In the 2021 Argentine legislative election, the party formed various district alliances, the majority of which were right-wing. In the province of Buenos Aires, they joined the right-wing libertarian front Avanza Libertad. In the city of Buenos Aires, as well as in the Mendoza Province, they joined the Patriot Front. In the Córdoba Province, they joined the far-right La Libertad Avanza. In the Catamarca Province, they joined the governative alliance Frente de Todos. In the Santiago del Estero Province, they joined the Labourist Patriotic Front.
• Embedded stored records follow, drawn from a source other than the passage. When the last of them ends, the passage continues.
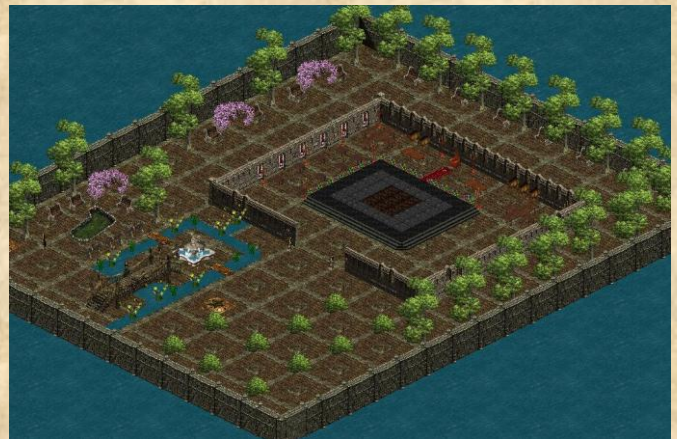
Der neue Ballsaal
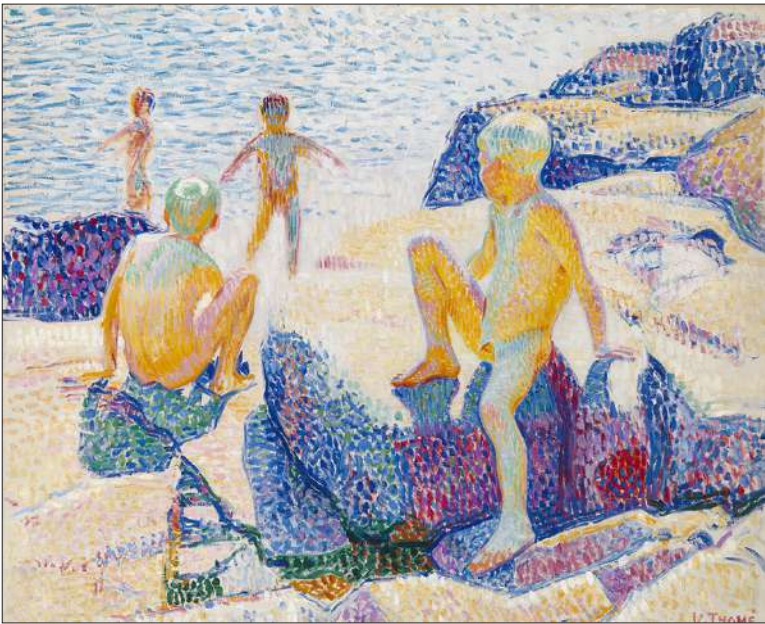
Esillä oleva näyttely, Väriä & valoa - impressionismin perintö, esittelee impressionistista ja uusimpressionistista taidetta ajanjaksolta 1860-1916. Kuvassa Verner Thomén teos Kylpeviä poikia (1910).

”Kiinnostus taiteen maailmaa kohtaan herää usein jo kouluikässä. Mekin Ateneumissa panostamme paljon lapsiin ja nuoriin.
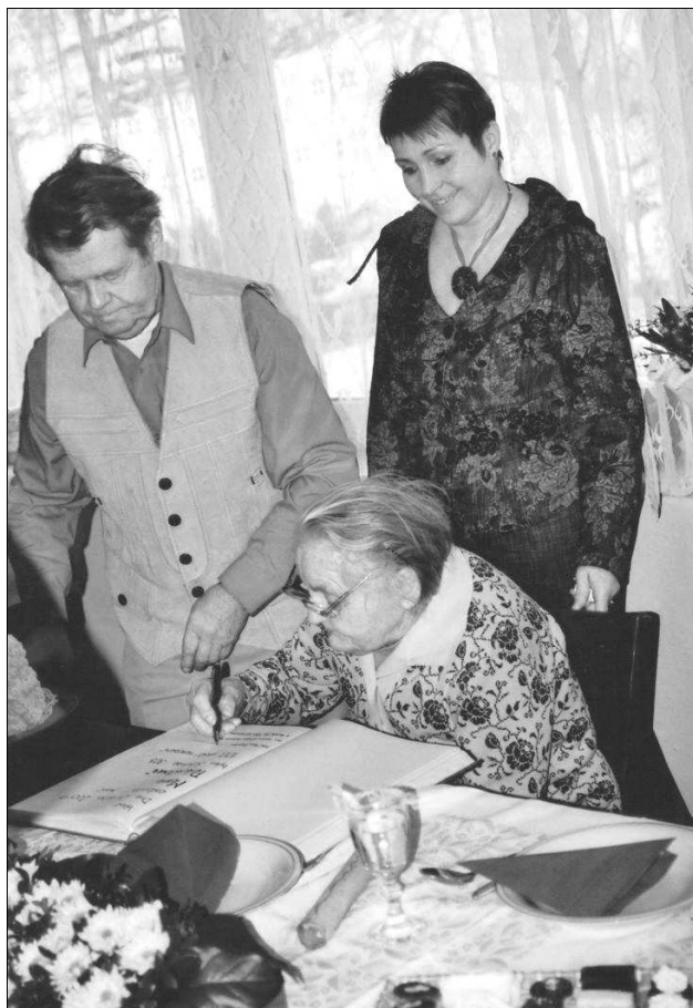
Oslavenkyně při podpisu do pamětní knihy obce.
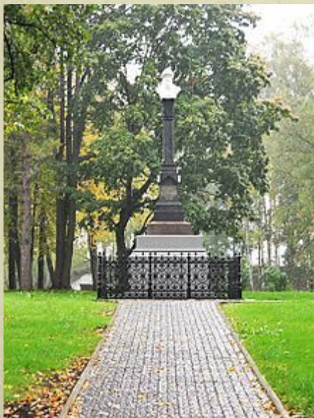
Памятник основателю города князю Василию
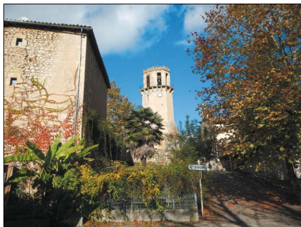
Paysage du Volvestre
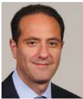
MICHEL KHALAF prezes, MetLife EMEA, USA
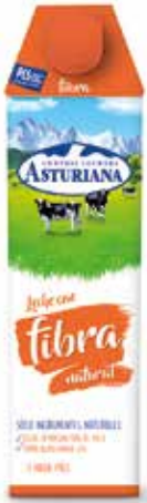
FIBRA C/6 x 1 L. Ref.: 3547
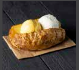
Baked Potato 345 CAL SR 13
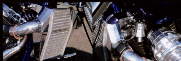
エアを冷却して吸入効率を向上させるインタークーラー。その造形や配管はすべてデザインに合わせてモディファイ
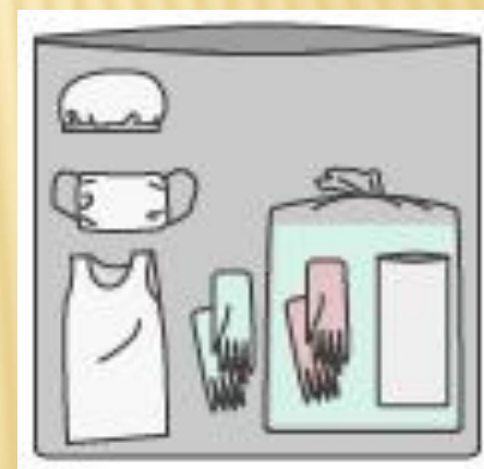
⑥全てをポリ袋へ廃棄
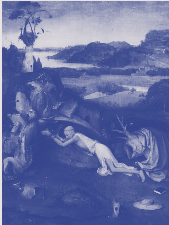
J. Heronimus Bosch, De heilige Hieronymus , ca. 1500

Maar nu ik me alleen voel en verlaten, beginnen zij ineens te praten
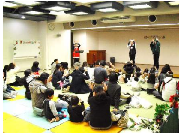
『♪4と4で トナカイさん』
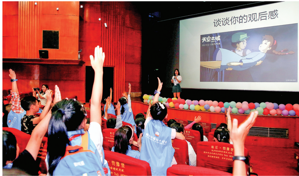
小记者们踊跃回答问题。
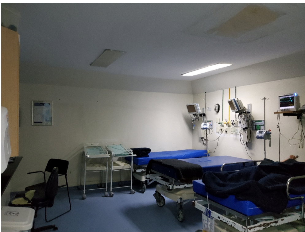
Sala de recuperação pós-anestésica
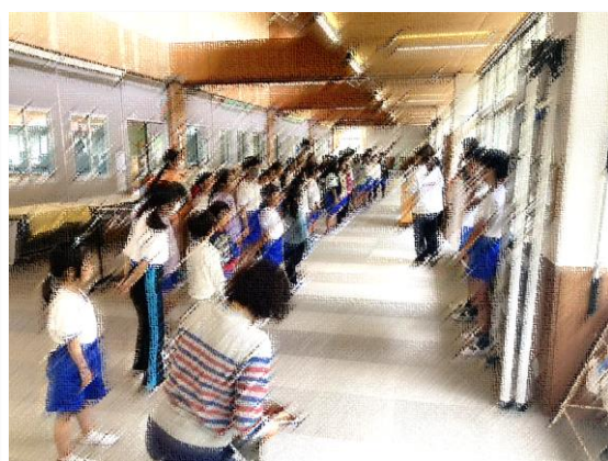
ワークスペースでは全校で校歌を練習しています
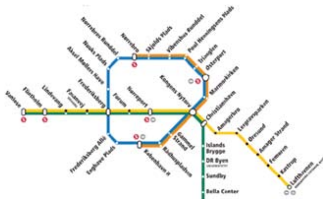
Illustration: Metrokort inklusive den nye Cityring, der er under bygning.
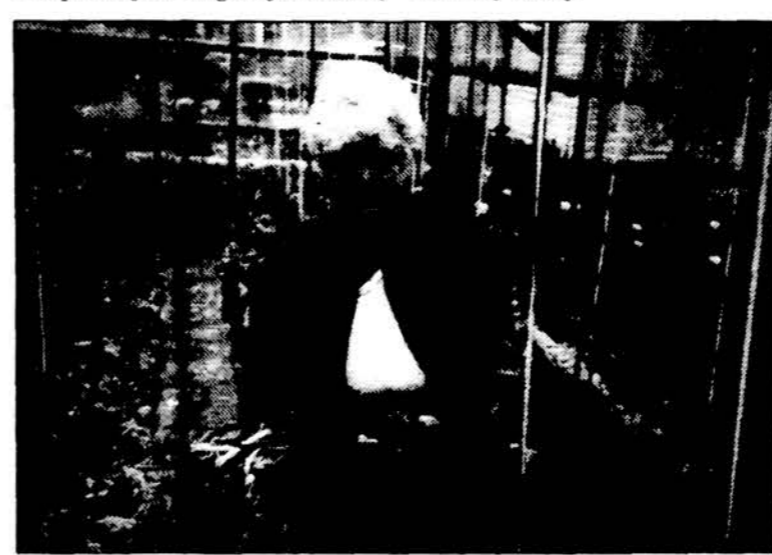
Darbšti lietuviė džiaugiasi savo daržo derliumi.

Galbūt, bėda gali būti tik, kad visi profesoriaus Lietuvos ir užsienio rėmėjai gali užmigtį ant sėkmingų dabartinių pradinių laurų ir per mažai stengtis dalyvauti rinkiminėje kovoje.
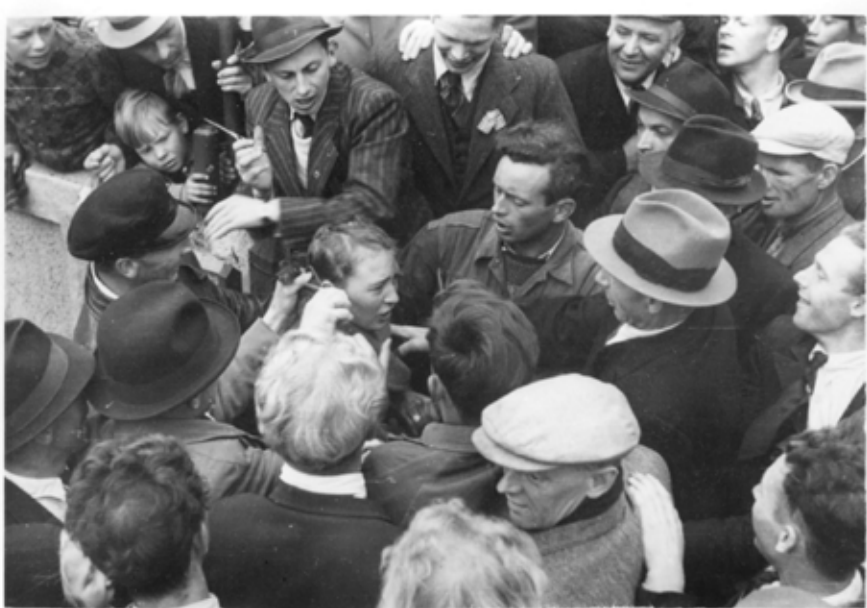
Dette bildet vart publisert utan sladding for første gong den dagen.

Sju månader seinare bad den norske regjeringa om orsaking for dei overgrep, ulovlege fengslingar, tap av statsborgarskap og deportasjon som tusener av norske kvinner vart utsette for våren og hausten 1945.
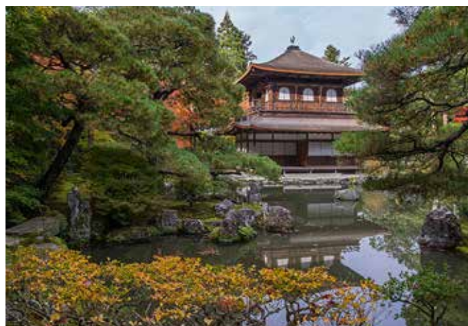
Silverpaviljongen i Kyoto.
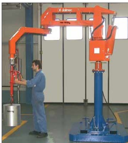
max 550 Kg MAXIPARTNER
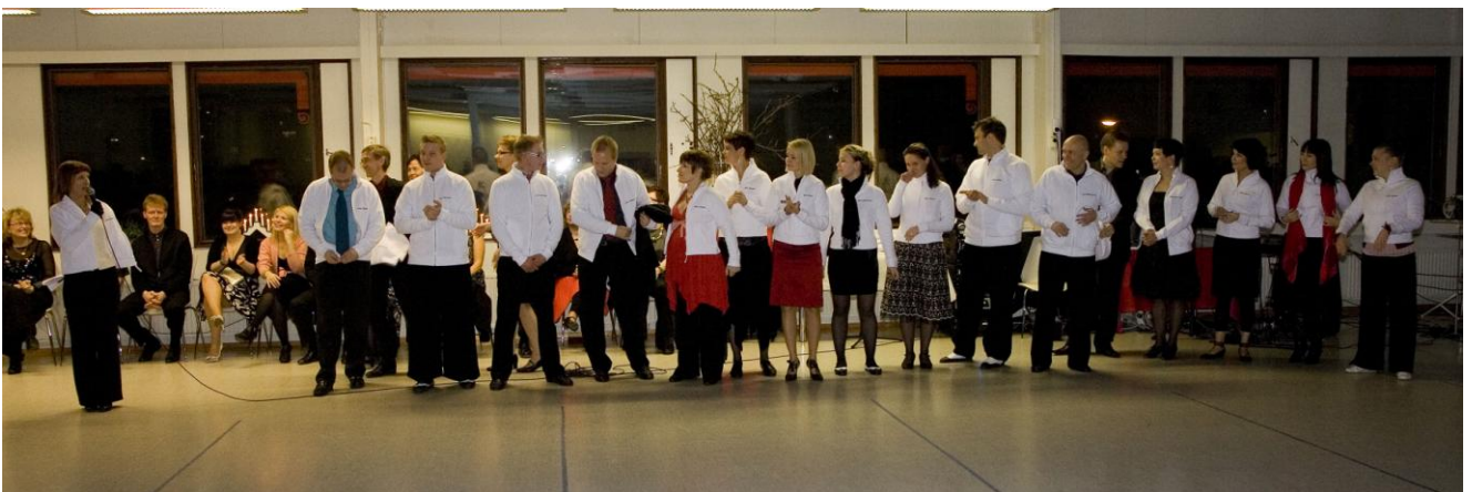
Ohjaajien takkien jako
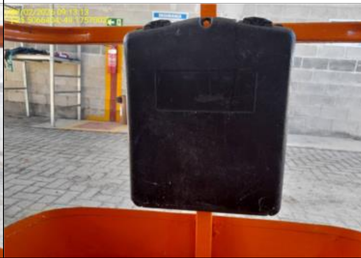
016 - PORTA MANUAL - FECHADO
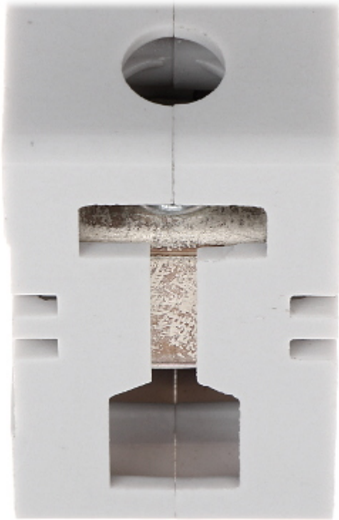
Vedere de sus:
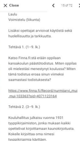
Kuva 5 Valkopohjainen kortti näkyvillä.
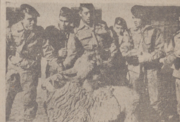
La Pascua Militar se celebra este año bajo el signo de la heróica lucha en Ifni por nuestra soberanía.
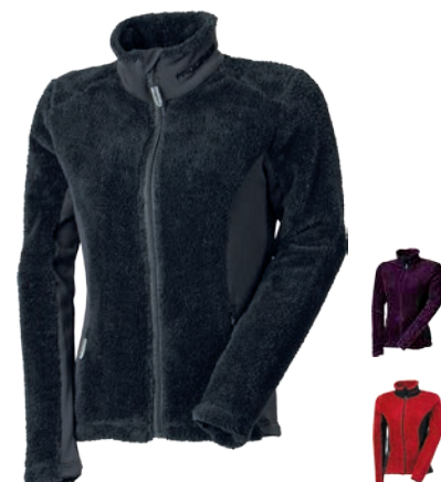
Urban Stuff CASTORA D S-XL ČERNÁ • BORDÓ / ČERNÁ • FIALOVÁ / ČERNÁ

=== Electoral justice fine for 18 million ===

In August 2022, the electoral court disapproved of the expense report made by Avanza Libertad for the printing of ballots for the 2021 elections, following a complaint made by members of the front originally from the Democratic Party and the Union of the Democratic Centre accusing members of the party. Thus, the Avanza Libertad alliance was penalized for a total of 18,197,516 pesos for not having been able to duly prove the destination for which state contributions were used in the presentation of the final report of the primary election campaign.

=== Name change and merger ===

In 2022, Miguel Ángel Pichetto began to form a group and political party of Peronist origin to compete within the Juntos por el Cambio alliance in the 2023 Argentine general election. The Popular Dignity Party decided to merge with the Loyalty and Dignity party to join Pichetto's party, Federal Republican Encounter.